## Work order
The records below need to be repeated exactly, with every picture left out.

## Source material
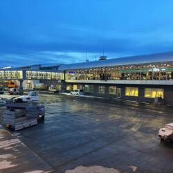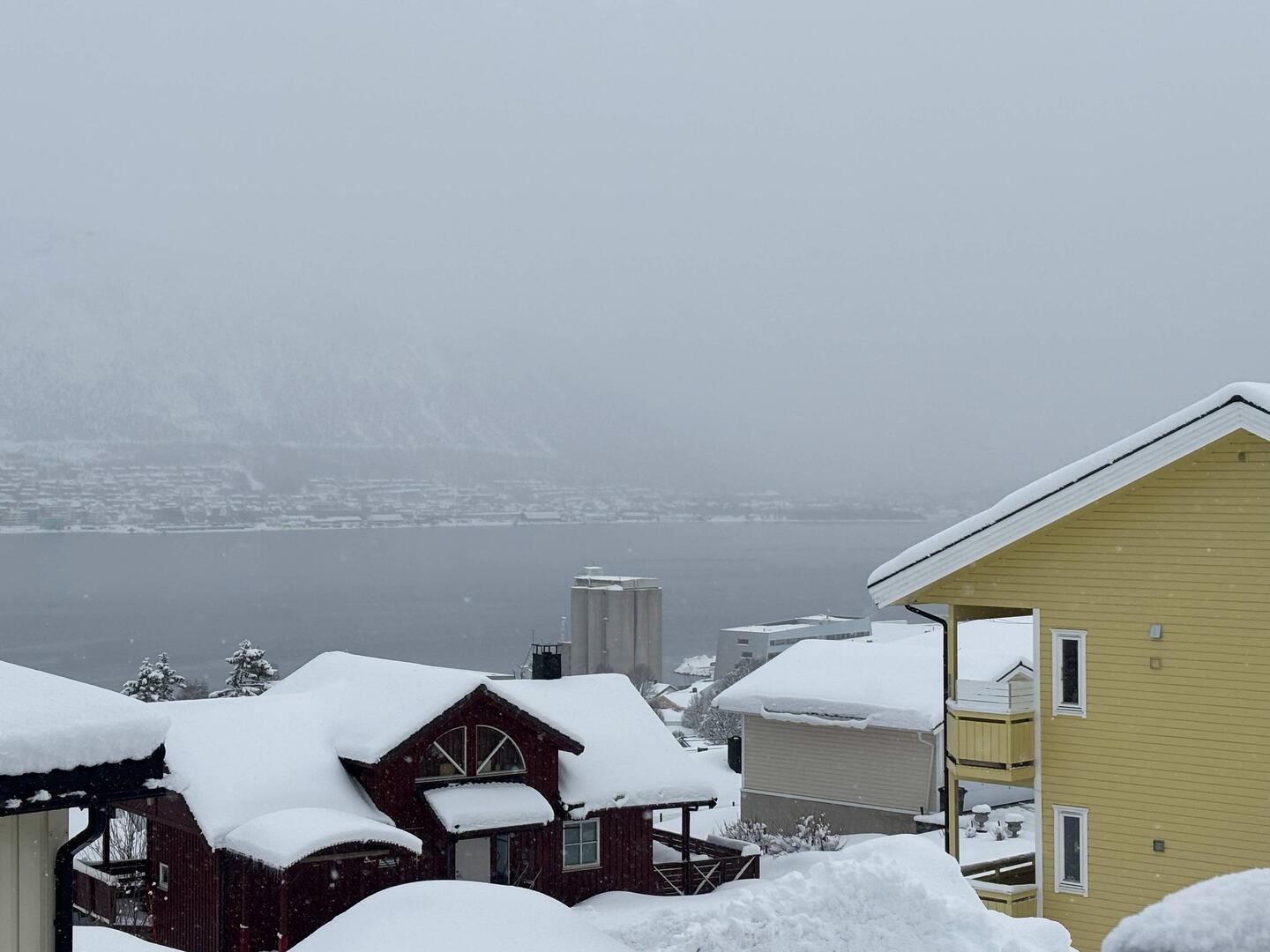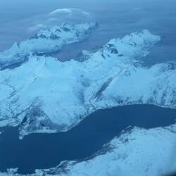 Der Flug ist leicht verspätet, und wir haben ein paar Turbulenzen. Als wir auf Tromsö zuhalten, ist die Sonne schon fast weg. Wir sehen schneebedeckte Felsen und Fjorde aus der Luft, das ist schon ein krasser Anblick.
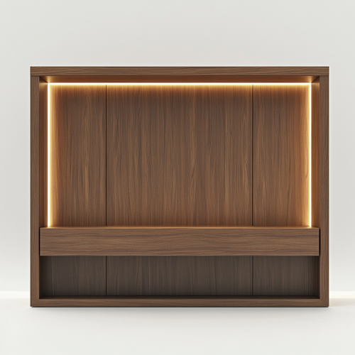 a front elevation of an 8'x8' wall section on a white background. The wall is designed by Rolex, with built in soft white lighting and finished in light walnut wood. The design is modern, immaculate, and sleek.
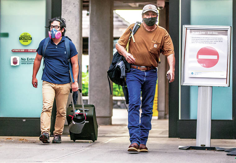 Travelers exit the terminal at Ellison Onizuka Kona International Airport after the arrival of a flight from Los Angeles. (Tom Linder/West Hawaii Today)
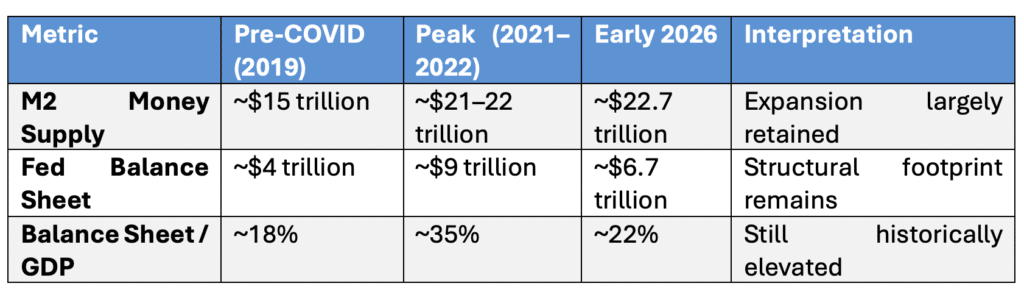 Cette médecine était vendue comme une médecine d’urgence. À bien des égards, c’était le cas. Mais l’argent de l’urgence ne s’évapore pas lorsque la crise s’estompe. Il perdure. Il circule. Il accumule des créances sur une économie réelle qui ne peut croître assez rapidement pour l’absorber.
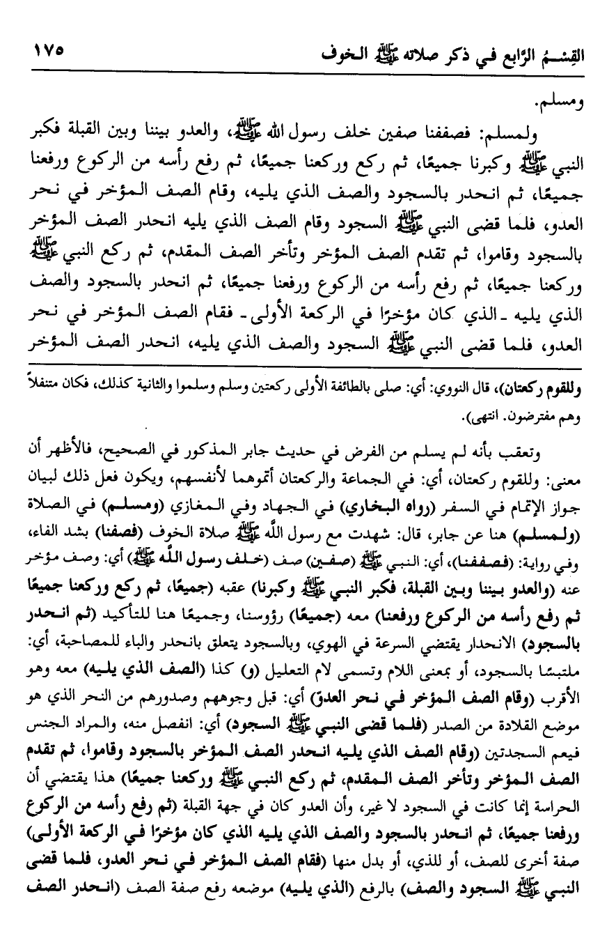 ولمسلم: فصففنا صفين خلف رسول الله -صلى الله عليه وسلم، والعدو بيننا وبين القبلة فكبر النبي -صلى الله عليه وسلم- وكبرنا جميعا، ثم ركع وركعنا جميعا، ثم رفع رأسه من الركوع ورفعنا جميعا، ثم انحدر بالسجود والصف الذي يليه، وقام الصف المؤخر في نحر العدو فلما قضى النبي -صلى الله عليه وسلم- السجود وقام الصف الذي يليه انحدر الصف المؤخر بالسجود وقاموا، ثم تقدم الصف المؤخر وتأخر الصف المقدم، ثم ركع النبي -صلى الله عليه وسلم- وركعنا جميعا، ثم رفع رأسه من الركوع ورفعنا جميعا، ثم انحدر بالسجود والصف الذي يليه -الذي كان مؤخرا في الركعة الأولى -فقام الصف المؤخر في نحر العدو، فلما قضى النبي -صلى الله عليه وسلم- السجود والصف الذي يليه، انحدر الصف المؤخر
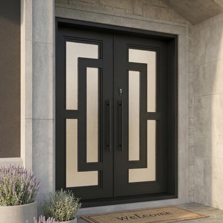 | OSLO THERMAL BREAK LH WROUGHT IRON Style 61 X 81 LEFT HAND INSWING FLAT BLACK Color SANDBLAST Glass STEEL Material PULL HANDLE #006 VITO - D107 - BL - S - DOUBLE SQUARE TOP Modern, Contemporary Style wScreen, Thermal Break, Residential, Commercial (Pull Handles and Locks are price separately) | |
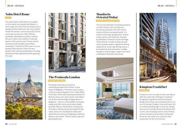 The second Mandarin Oriental property to reach Dubai , this one will be a 63-storey property with 257 rooms , suites and serviced apartments . It is said to have been designed to ‘ reflect local culture , with features inspired by Mandarin Oriental ’ s Asian heritage ’. Three will be ‘ a lively rooftop sky bar with citywide views , a signature dining experience , an all-day dining venue , a poolside bar and restaurant , a lobby lounge , a club lounge , a cigar room and a Mandarin Oriental Cake Shop ’.
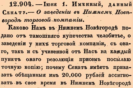 12904. 1767 год. 12 июня (1 июня ст.ст.) Именный, данный Сенату. О заведении в Нижнем Новгороде торговой компании.Каково Нам в Нижнем Новгороде подано от тамошняго купечества челобитье, о заведении у них торговой компании, с онаго, так и с учиненной от Нас на каждый пункт онаго резолюции присеем посылаю точную копию; почему Сенат имеет приказать обещанныя им 20000 рублей ассигновать в свое время в Нижнем Новгороде из тамошней соляной суммы на счет Коммерческаго Банка, а подлинное их челобитье с Нашей резолюциею отослано для исполнения к Нижегородскому Губернатору Аршеневскому <…>
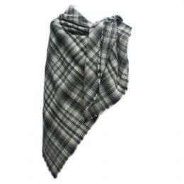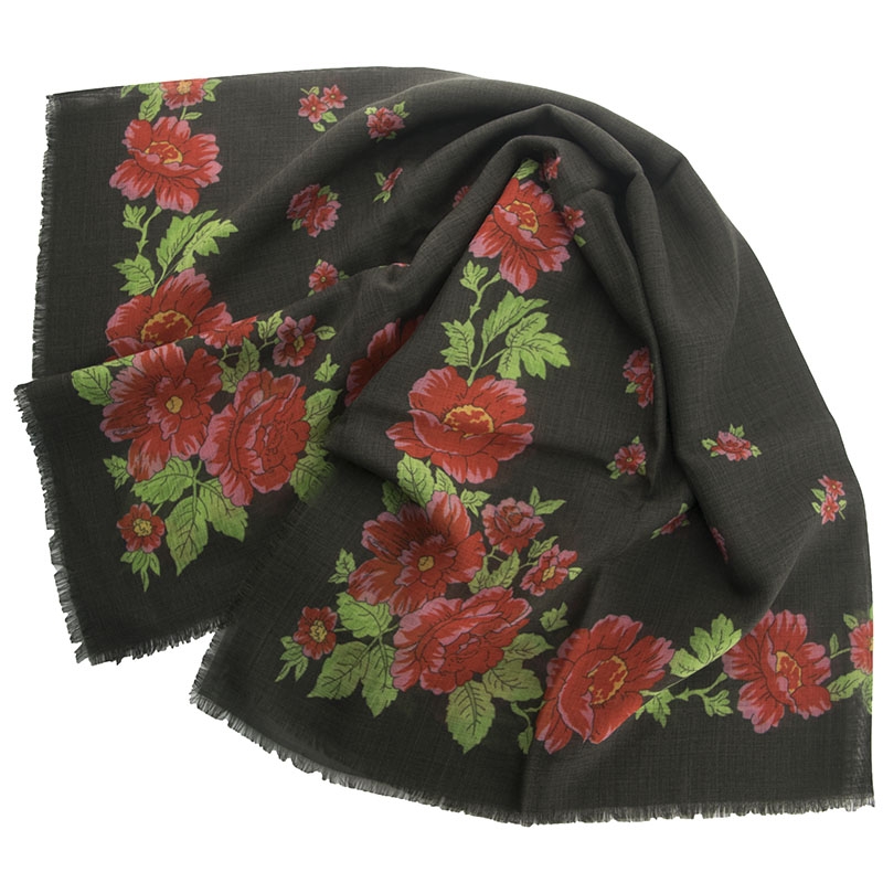 Τετράγωνη γκρι-καφέ Ιταλική μάλλινη μαντήλα με μεγάλα κόκκινα λουλούδια

## Response area
 Der Flug ist leicht verspätet, und wir haben ein paar Turbulenzen. Als wir auf Tromsö zuhalten, ist die Sonne schon fast weg. Wir sehen schneebedeckte Felsen und Fjorde aus der Luft, das ist schon ein krasser Anblick.
 a front elevation of an 8'x8' wall section on a white background. The wall is designed by Rolex, with built in soft white lighting and finished in light walnut wood. The design is modern, immaculate, and sleek.
 Travelers exit the terminal at Ellison Onizuka Kona International Airport after the arrival of a flight from Los Angeles. (Tom Linder/West Hawaii Today)
 Cette médecine était vendue comme une médecine d’urgence. À bien des égards, c’était le cas. Mais l’argent de l’urgence ne s’évapore pas lorsque la crise s’estompe. Il perdure. Il circule. Il accumule des créances sur une économie réelle qui ne peut croître assez rapidement pour l’absorber.
 ولمسلم: فصففنا صفين خلف رسول الله -صلى الله عليه وسلم، والعدو بيننا وبين القبلة فكبر النبي -صلى الله عليه وسلم- وكبرنا جميعا، ثم ركع وركعنا جميعا، ثم رفع رأسه من الركوع ورفعنا جميعا، ثم انحدر بالسجود والصف الذي يليه، وقام الصف المؤخر في نحر العدو فلما قضى النبي -صلى الله عليه وسلم- السجود وقام الصف الذي يليه انحدر الصف المؤخر بالسجود وقاموا، ثم تقدم الصف المؤخر وتأخر الصف المقدم، ثم ركع النبي -صلى الله عليه وسلم- وركعنا جميعا، ثم رفع رأسه من الركوع ورفعنا جميعا، ثم انحدر بالسجود والصف الذي يليه -الذي كان مؤخرا في الركعة الأولى -فقام الصف المؤخر في نحر العدو، فلما قضى النبي -صلى الله عليه وسلم- السجود والصف الذي يليه، انحدر الصف المؤخر
 | OSLO THERMAL BREAK LH WROUGHT IRON Style 61 X 81 LEFT HAND INSWING FLAT BLACK Color SANDBLAST Glass STEEL Material PULL HANDLE #006 VITO - D107 - BL - S - DOUBLE SQUARE TOP Modern, Contemporary Style wScreen, Thermal Break, Residential, Commercial (Pull Handles and Locks are price separately) | |
 The second Mandarin Oriental property to reach Dubai , this one will be a 63-storey property with 257 rooms , suites and serviced apartments . It is said to have been designed to ‘ reflect local culture , with features inspired by Mandarin Oriental ’ s Asian heritage ’. Three will be ‘ a lively rooftop sky bar with citywide views , a signature dining experience , an all-day dining venue , a poolside bar and restaurant , a lobby lounge , a club lounge , a cigar room and a Mandarin Oriental Cake Shop ’.
 12904. 1767 год. 12 июня (1 июня ст.ст.) Именный, данный Сенату. О заведении в Нижнем Новгороде торговой компании.Каково Нам в Нижнем Новгороде подано от тамошняго купечества челобитье, о заведении у них торговой компании, с онаго, так и с учиненной от Нас на каждый пункт онаго резолюции присеем посылаю точную копию; почему Сенат имеет приказать обещанныя им 20000 рублей ассигновать в свое время в Нижнем Новгороде из тамошней соляной суммы на счет Коммерческаго Банка, а подлинное их челобитье с Нашей резолюциею отослано для исполнения к Нижегородскому Губернатору Аршеневскому <…>
 Τετράγωνη γκρι-καφέ Ιταλική μάλλινη μαντήλα με μεγάλα κόκκινα λουλούδια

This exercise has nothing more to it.